Invalid Secret Errors

Paul_Wilkinson · July 17, 2022, 2:24pm

I am following this tutorial : https://www.mongodb.com/docs/atlas/app-services/tutorial/backend/

When GitHub tries to call the webhook I get an error due to an invalid secret. I can see the errors in the logs at both ends, and they both say that the secret is invalid.

The steps I am using to set up the secret:

On the realm endpoint, under authorisation I set ‘request validation’ to `require secret’ and then create a secret called ‘tutorial’ whose value is ‘tutorial.
On GitHub, just go to the web hook, tap ‘change secret’ and enter ‘tutorial’.

Some things I have tried:

I have updated the secret several times.

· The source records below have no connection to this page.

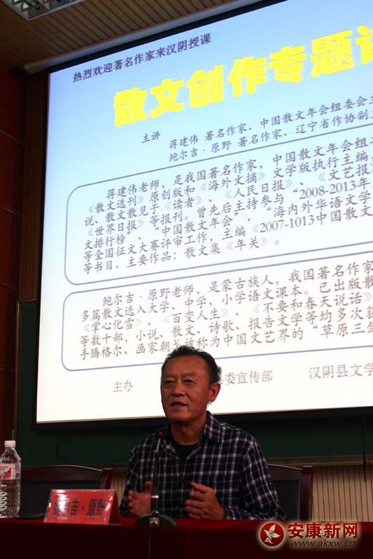安康新網(wǎng)訊 通訊員 姜波:金秋送爽,文苑芬芳。9月9日,漢陰中學(xué)階梯教室坐無虛席,300余雙渴求知識的眼睛聚焦在著名作家鮑爾吉•原野和蔣建偉兩位老師的精彩……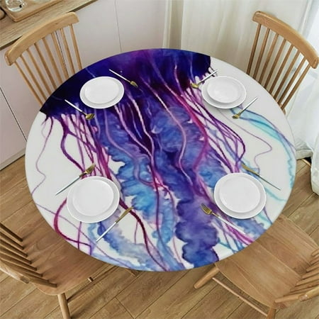 QFMY Jellyfish Round Table Cover 100% Polyester Fiber Full Width Single-Sided Printing 38-42
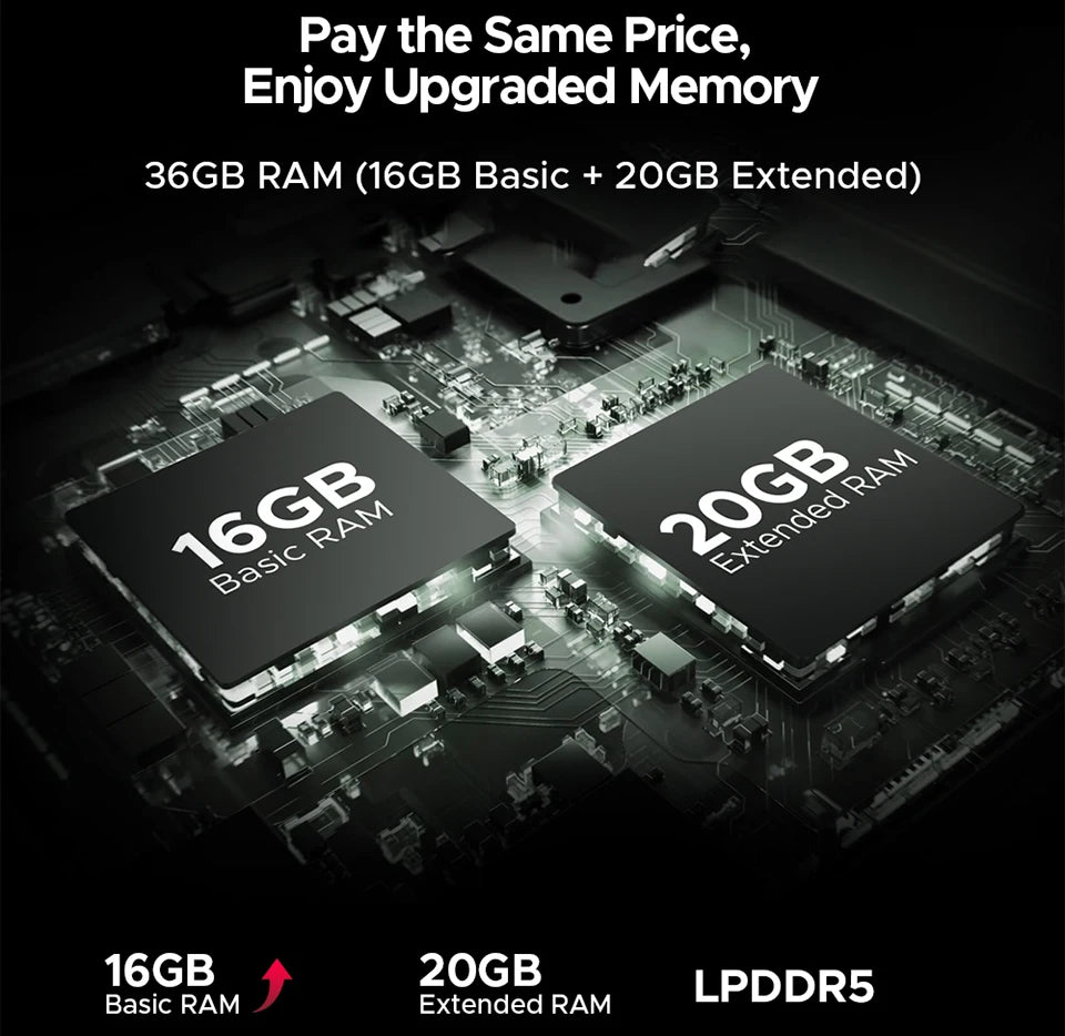 - 36 GB RAM (16 GB + bis zu 20 GB erweiterbar) und 512 GB internem Speicher – viel Multitasking-Puffer und ausreichend Platz für Fotos, Videos und Apps; Unterstützung von MicroSD-Karten bis 2 TB.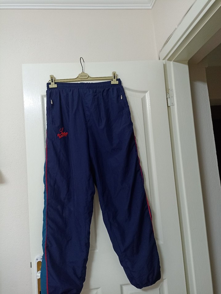 Lacivert renkte, bol kesim, fermuarlı cepli, yan şerit detaylı erkek eşofmanı. Sentetik kumaştan üretilmiştir.
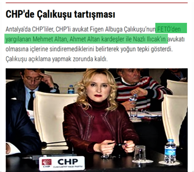 Ahmet Davutoğlu'na yakınlığı ile bilinen Karar gazetesi yazarı Figen Çalıkuşu FETÖ’cü gazeteciler Mehmet Altan, Ahmet Altan kardeşler ile Nazlı Ilıcak’ın avukatı olarak biliniyor.
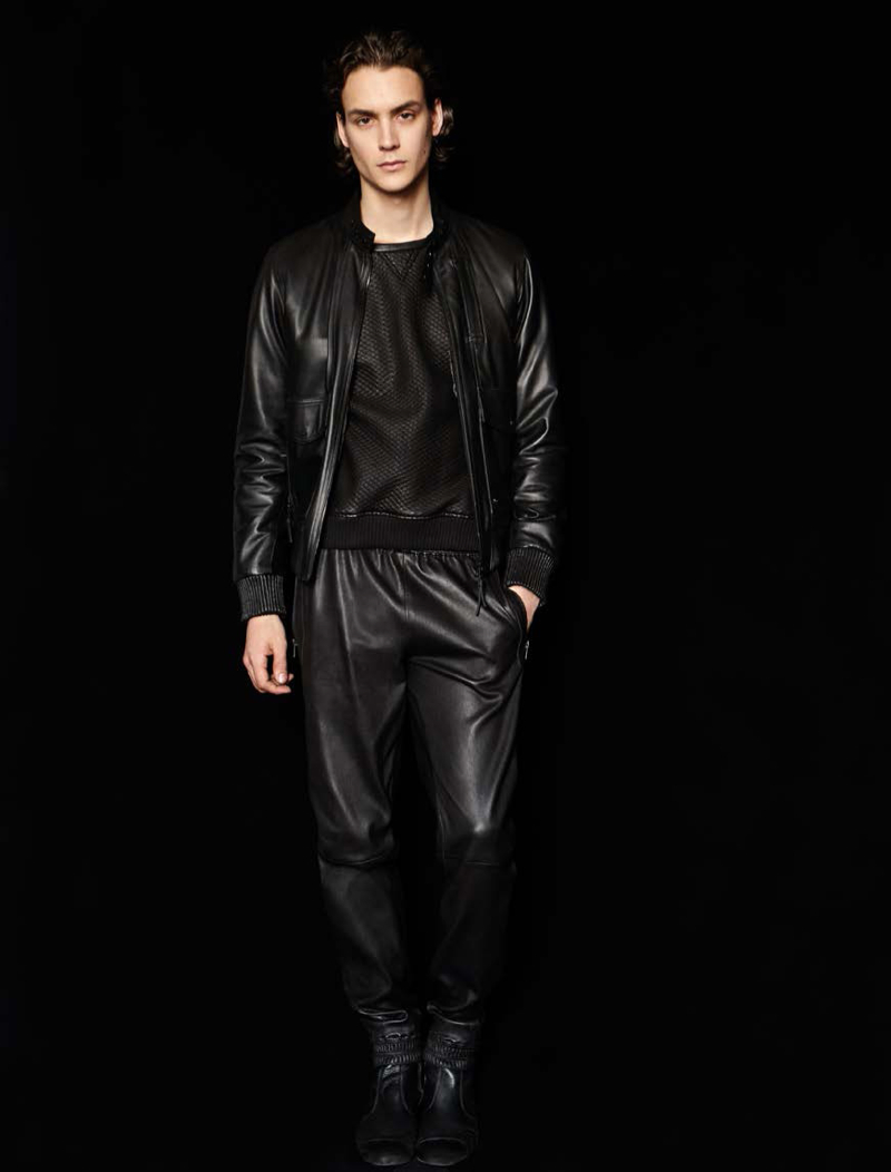 Jitrois Fall/Winter 2014–Fashion label Jitrois continues to push the traditional boundaries of leather as they approach fall 2014 with a modern attitude. Crafting a collection for the man of style that exudes an effortless cool, leather is the foundation of a smart collection. Built around essentials for the urban dweller, everything from the fitted leather biker’s jacket to luxe pullovers come together with a minimal structure. Add to the mix a hybrid of the shirt jacket and the varsity jacket or leather joggers and you have a rich outing that successfully explores contemporary streetwear for the luxury market.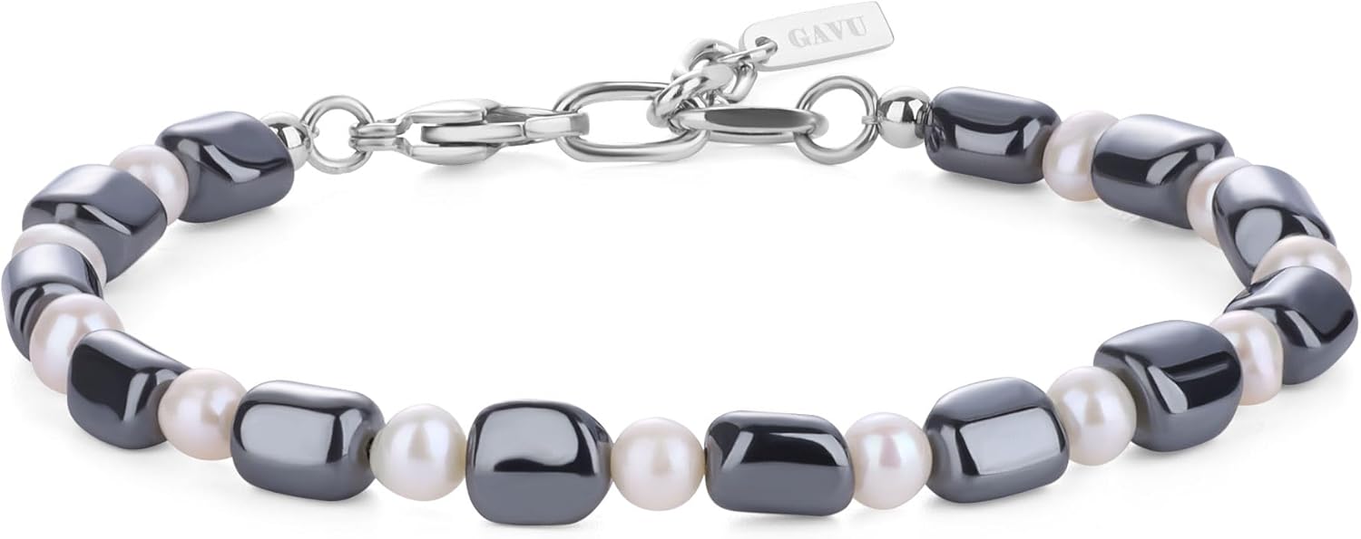 GAVU Stainless Steel Beaded Bracelet for Men, Men's Hematite Bracelet Pearl Bracelet for Men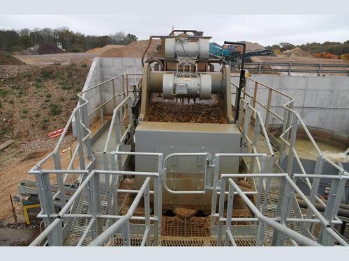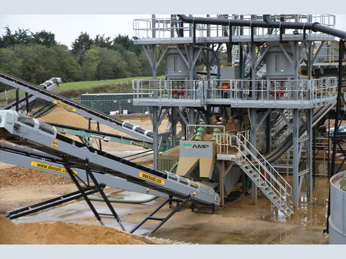John Collins – Technical Director, DUO Equipment, commented, “With NMS requiring to process alternate sharply contrasting feeds we based the design around the highly successful Aggrescrub™ 150 log washer and as there were quantities of organic contaminants in the feed, AMP twin TAK Hydro Classifiers were included to remove them from the fines fraction and provide a guaranteed clean, contaminant free material for the NMS Concrete Plants.”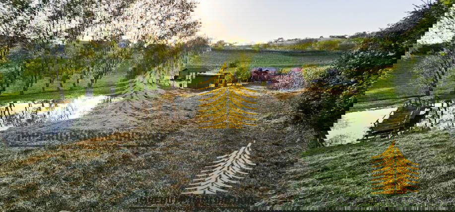 Crvenom bojom je omeđeno poljoprivredno zemljište koje je također na prodaju (sa ribnjakom i 3 drvene kućice).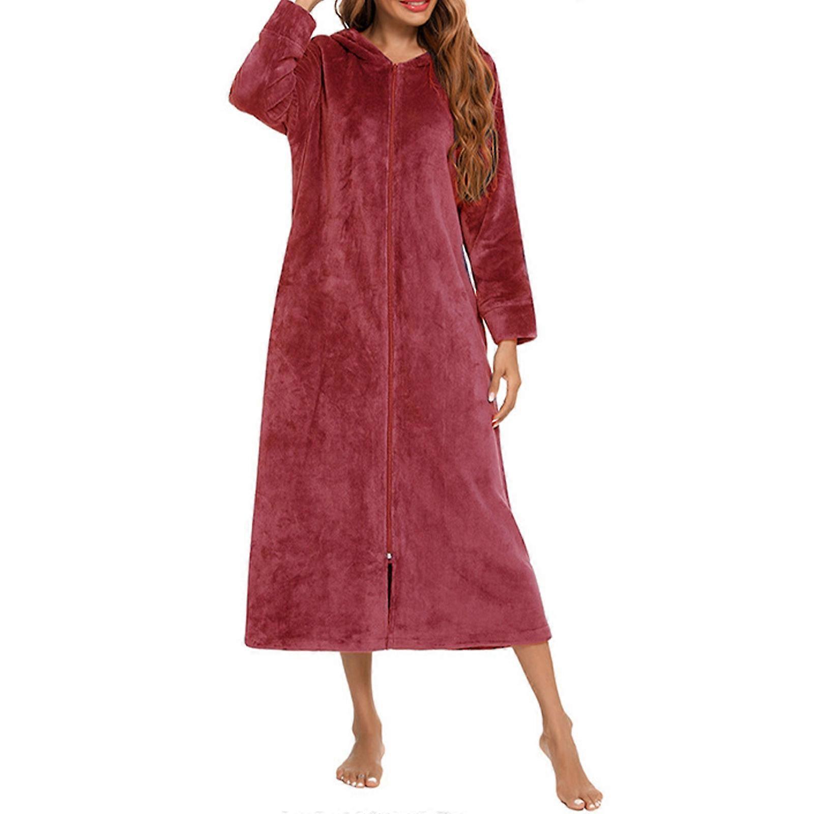 Women's Thickened Polar Fleece Hooded Long Nightgown Burgundy XL

The secret name and the secret are both ‘tutorial’.
I have tried Application and System authentication on the Realm side
I have left the endpoint as POST
I left SSL enabled in GitHub

Any ideas what else I can try?
Cheers!

Adan_Aguilar · November 7, 2022, 7:36pm

I have the same problem. how did you resolved it?

santimir · December 28, 2022, 6:32pm

I know this is old but may help other users.

You may have missed this line from the tutorial:

This requires all incoming requests to include the query parameter secret=tutorial in the request URL.

So the actual secret that GH stores isn’t very important, the essential bit is to write your url as https://yourAtlasRealmUrl?secret=mysecret. Now from my understanding this isn’t a good idea. See this SO discussion.

I don’t know of any other way to be honest. @Paul_Wilkinson @Adan_Aguilar

Rahul_Pathak1 · July 1, 2023, 11:07pm

Yes, this is what I also end up doing.

But as you already mentioned this is not very secure.

Don’t know why MongoDB did not corrected this still.